ChatGPT running on NVIDIA Jetson Orin Nano

It’s so cute! I want one :)

The dataset consisted of a few thousand videos generated by a handful of AI video models from prompts like “The archer launches the arrow towards the target” and “The robotic arm slides a towel across the table”.

“Wow, these videos… all look terrible” was my immediate reaction after watching and labeling a few of them. The AI models were bad – hilariously bad in many cases. I vividly remember watching one video generated from the prompt “Soccer players in purple celebrate as the crowd cheers” which just showed purple people-looking blobs jiggling on a blurry green background and one of them morphing into the soccer ball. It was nothing like the sleek videos OpenAI likes to tout in its demos.

(This is the kind of slop that these AI models would typically generate. To be fair, all the videos were generated for free, so I didn’t expect them to be that good in the first place.)

Yet one random Chinese AI model – “minimax” – was exceptionally good. Not only were its videos smooth and crisp, but they usually also followed the laws of physics. When I first saw a minimax video, I thought it was a real video mixed in as a sanity check for labelers.

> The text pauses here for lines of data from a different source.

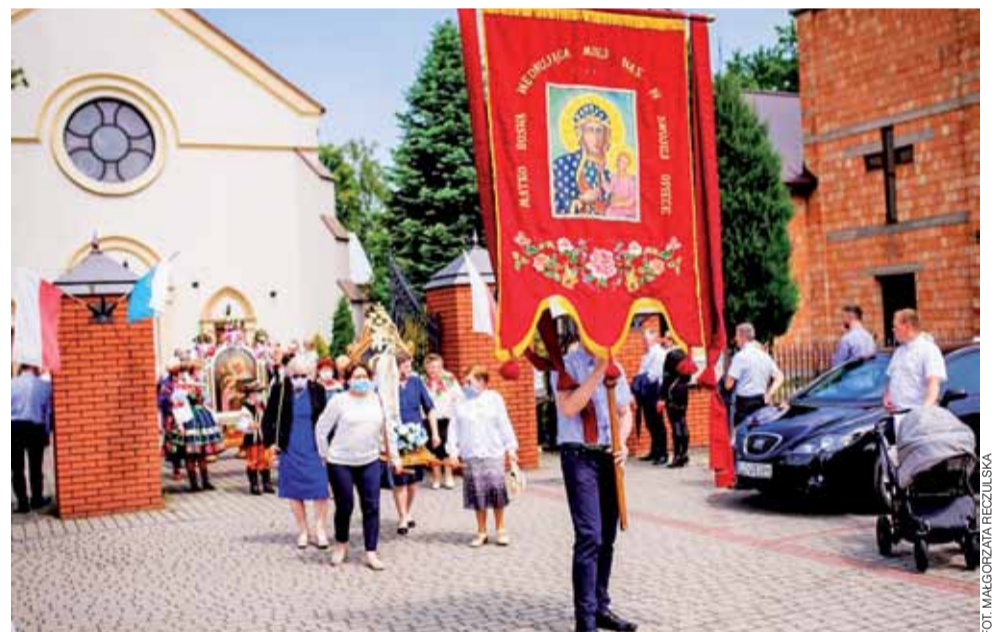
Łowicka procesja Bożego Ciała jest największa i najbardziej znana, ale również inne okoliczne parafie mają się czym pochwalić. Na zdjęciu udostępnionym nam przez Małgorzatę Reczulską – procesja wychodzi z kościoła św. Kazimierza Królewicza w Łyszkowicach, czyli dawnej letniej rezydencji prymasów. W przeszłości w erygowanej w 1928 roku parafii na uroczystościach religijnych bywali nawet arcybiskupi. Tym razem, z wiadomych względów, procesja była nieco mniej liczna niż zwykle, a większość uczestników zakryła twarze maseczkami. tm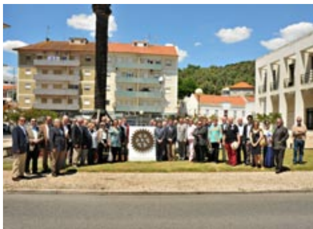
O Rotary Club de Vila Franca de Xira fez colocar em local de evidência de Alenquer um vistoso marco Rotário.

Aquando da passagem do seu 42º aniversário, o Rotary Club de Castelo Branco teve honras de direito de antena no Canal Beira Baixa TV, aí fazendo larga e profícua divulgação do Rotary e do Clube.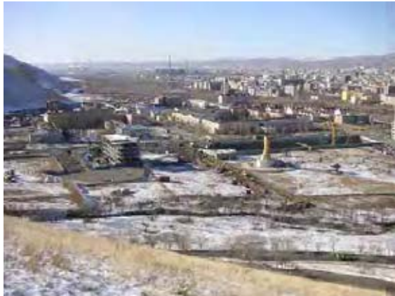
プロジェクトサイトは保護区に位置しており、景観への配慮が必要である

(This video is taken from minimax’s website. I didn’t feel like sifting through the actual dataset for a minimax video, but most of them looked good like this.)

Two days and a few hundred videos in, I began picking up on some interesting trends. Each model would fail in predictable ways: OpenSora would always generate people as Lego mini-figures, CogVideoX would follow prompts very well but produce grainy/jittery videos, and minimax (my beloved) would simply not fail. (Each model (even the really awful ones) was also really good at generating videos of photorealistic feet for some reason02 They were probably trained on videos found on the internet , which I found funny.)

Eventually, my brain just went on autopilot, labeling video after video for an hour. It was a good break from my usual MIT schoolwork, and it was somewhat entertaining seeing all the ways the AI models could hallucinate cars and people morphing into other things.

But that’s when everything started to go downhill.

It turns out (unsurprisingly) that minimax is not perfect. However, it only ever fails in extremely subtle ways, like a strand of hair experiencing a tad too much gravity or a tree branch swaying a tad too little in a gust of wind. Without me realizing it, these subtle flaws began to mess with my mind.

When I took a break from labeling videos to eat dinner in the dining hall, I caught myself staring at some ice cubes swirling around a friend’s drink.

“Hang on,” I thought, “is that how liquids should behave in real life? Those ice cubes seem to be moving around a little too fast.”

In fact, liquids do behave that way because I was experiencing real life and not some AI-generated pseudo-reality. Still, it was unnervingly disorienting to look at those ice cubes.

I still really wanted that NVIDIA board though, so I just shrugged it off as me being tired (it was a Thursday evening, after all), went to sleep, and continued labeling videos the next day. With each new video I labeled though, real life became ever so slightly less realistic. Human hair seemed to disobey the laws of gravity (somehow the videos had primed me to expect hair to act like it does in Pixar movies). Car tires seemed to rotate too quickly for the speed they were traveling at (that was another thing none of the AI models could get quite right). Sometimes I’d just stand on the sidewalk and watch the trees swaying gently in the wind, wondering if my eyes were just playing tricks on me or if the leaves were truly morphing into those strange, unnatural shapes.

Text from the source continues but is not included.